**WHAT TO PRODUCE**
Print, word for word, the line containing "Led bič 4 ft, rgb" and all lines beneath it to the end of the entries below. Pictures do not belong in the copy.
───── GIVEN DATA
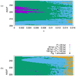To investigate the scaling laws (Eqs. 6, 7), we perform a suite of 10 Myr simulations in which we vary α and . The average periods during the first 1 Myr (P0) and the last 1 Myr (P) as a function of α and are presented in Fig. 2a and b, respectively. The range in A(0), which determines the vertical axis range in Fig. 2, was chosen based on the estimated total weathering input of CaCO3 (Milliman et al., 1999), which could give rise to alkalinity variations of up to ∼ 20 % on ∼ 100 kyr timescales (Omta et al., 2013). The lower and higher ends of the range are probably a bit less likely than the middle part of the range. There is no obvious constraint on α (horizontal axis in Fig. 2), which is why we varied that parameter by two orders of magnitude. In total, Fig. 2 encompasses the results of 12,798 simulations.
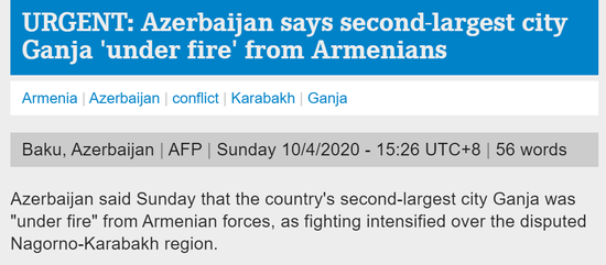 据俄媒转引法新社10月4日的报道,阿塞拜疆国防部在其官网发布声明称,该国第二大城市占贾遭亚美尼亚军队攻击,该城市人口约33万多人。另外,阿方还称,其他几个平民地区也遭到了亚方火箭弹和炮弹的袭击。据称,这座城市并不靠近前线。不过,亚美尼亚国防部否认发射了导弹。
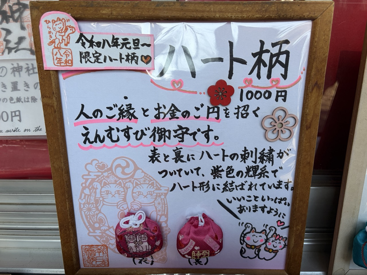 其中的限定款,是有着爱心刺绣的粉红色御守。同样取谐音,为旅人招来良缘、日币「円」、好事连连!
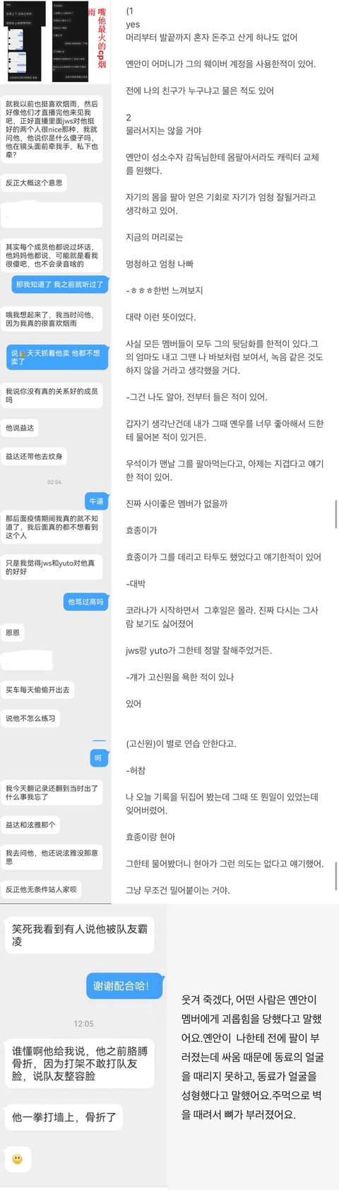 죄3: 수차례 팀배신. 팀 활동기간 거의 절반은 컴백활동하지 않고 드라마 촬영팀에서 조연을 한다. 팬의 폭로에 의하면 19년에 팀으로 활동 안하지만 전멤버와 쇼핑하고 있었단다. 19년부터 팀 탈퇴 하려고 했지만 위약금을 감당할 수 없어 그냥 팀에 있었던 것이다.
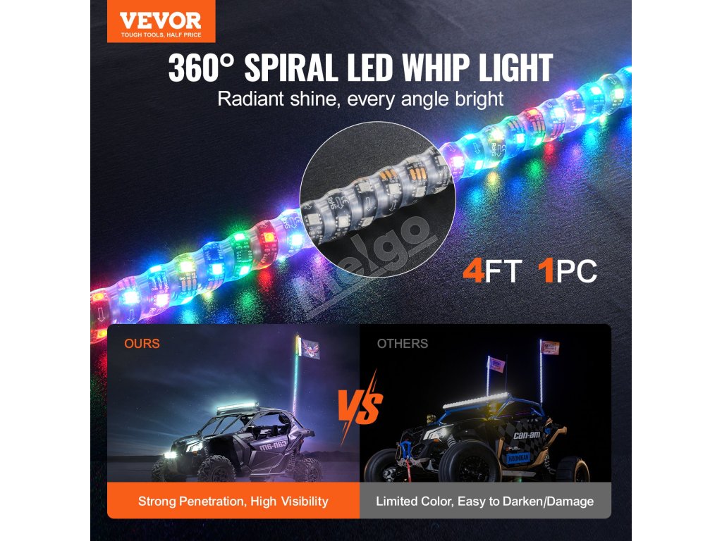 Led bič 4 ft, rgb 360° špirála, vodotesný, app a rf ovládanie
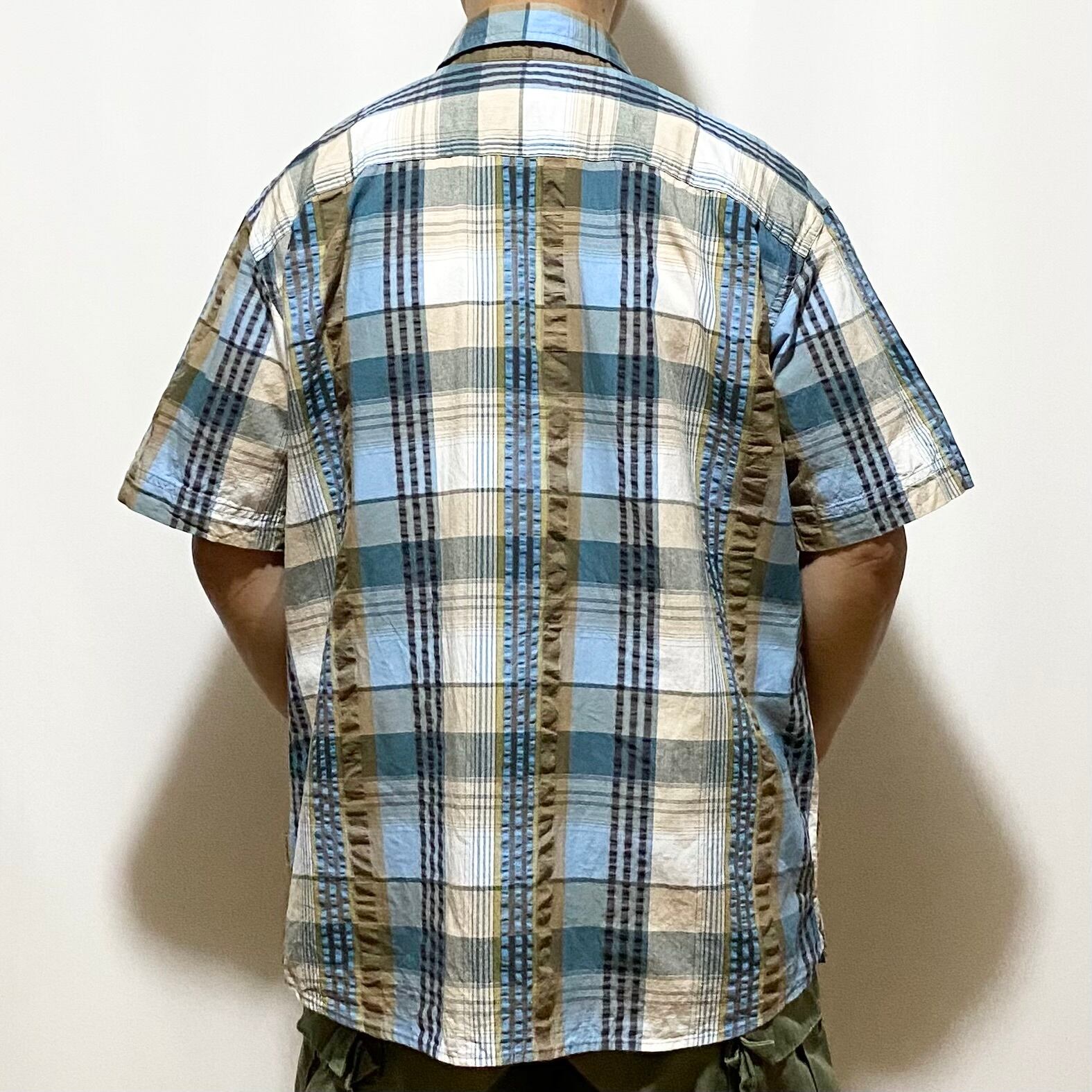 Eddie Bauer Sucker CHK W-Pocket Shirt S/S Blue Brown 00s
──────────
**PROBLEM SOLUTION**
 Led bič 4 ft, rgb 360° špirála, vodotesný, app a rf ovládanie
 Eddie Bauer Sucker CHK W-Pocket Shirt S/S Blue Brown 00s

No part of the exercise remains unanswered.